Cardozo dialed the telephone. "Not outside the city," Mrs. Cardozo said. "Your father doesn't like that. The bill is too high already."

"Sergeant?" Cardozo said. "It's me."

"You were dialing too long," Mrs. Cardozo said. "You're outside the city. Keep it short, Simon, or your father will be at me again."

"Do you have Douwe Scherjoen's photo?" Cardozo asked.

"Ask Grijpstra," de Gier said. "The commissaris went off with Grijpstra, but something must have gone wrong. They're presently being saved by the State Police, between Tzum and Tzummarum."

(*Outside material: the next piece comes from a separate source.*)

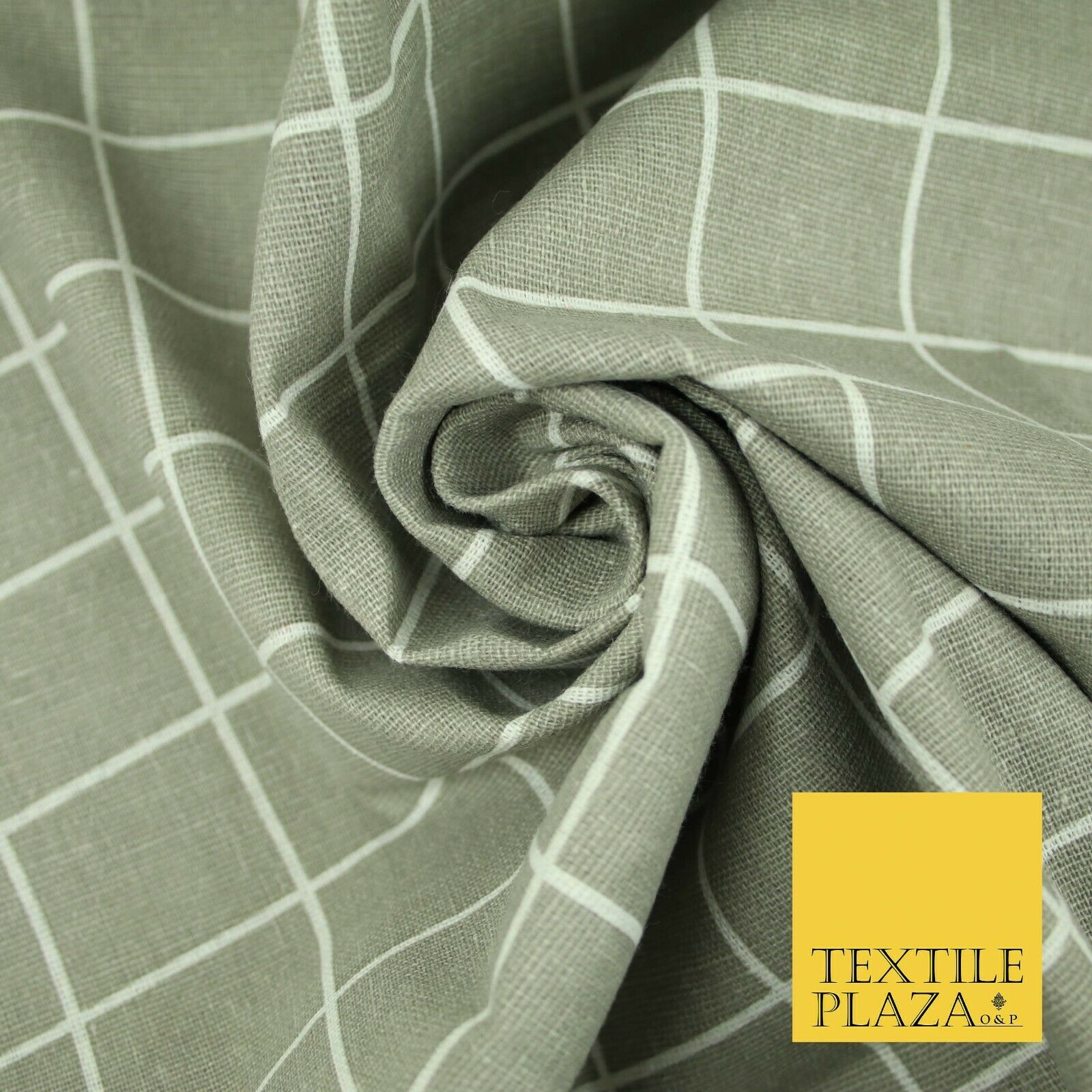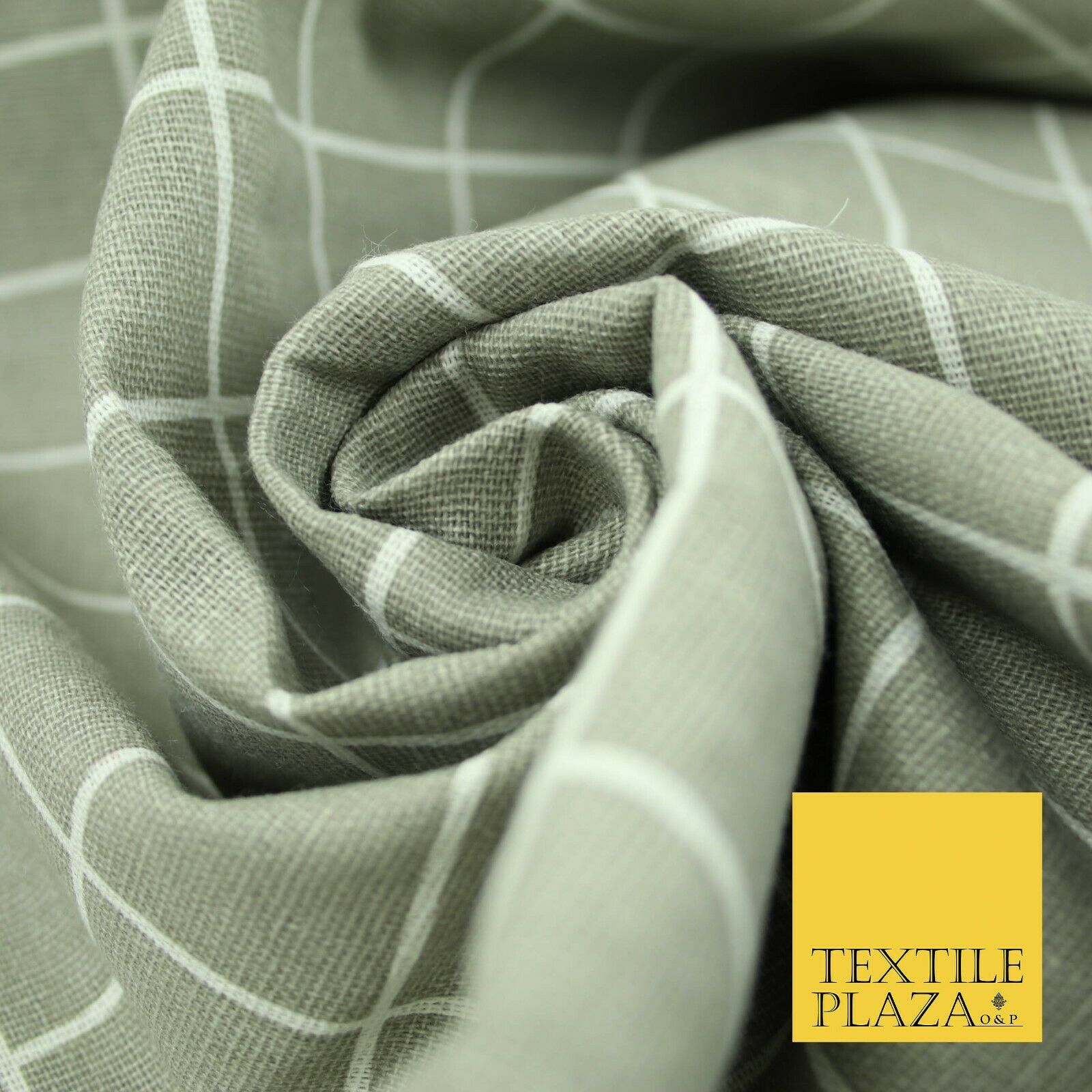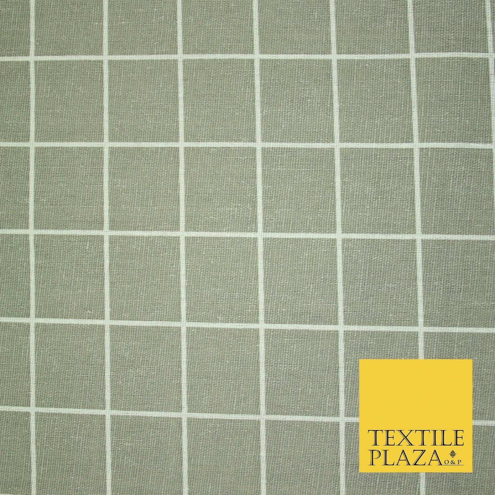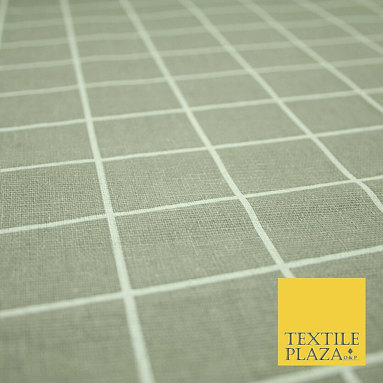 Grey White 4cm Square Box Check Think Lines Printed 100% Cotton Linen Fabric 60"

"Is that close to Dingjum?"

"It's in Friesland," de Gier said. "Fm not Frisian. I'm not in on this. I cook pea soup from a can and take care of a rat-and of a Frisian lady who'll be fetching me in a moment."

"I've got to have that photo," Cardozo said, "if I am to do my work. Shall I come and get it myself?"

"How?" de Gier asked. "Grijpstra has the car. The commissaris has lost his car, in a well between gardens. You can't declare expenses because you'd be moving outside your area."

"A train ticket will cost some money," Cardozo said.

"You're an idealist, aren't you?"

"Aren't you one too?"

"A nihilist," de Gier said. "Nihilists don't give a shit about anything-at that depth one has to be advanced. You aren't anywhere near there yet. Look here, why don't you cycle to Friesland tomorrow? I've just watched the news, the weather should be fine. It's only forty miles or so. Make it a holiday, watch the birds from the dike. Ever seen a cormorant land? They splash down and flop up. A great sight."

"You're really not in on this?" Cardozo asked.

"No," de Gier said. He replaced the phone. The sergeant wandered past the flowery wallpaper, the imitation Gothic dining room table, the copy of a Louis XVI recliner, and then past a clothes chest modeled on an antique Eastern Dutch design.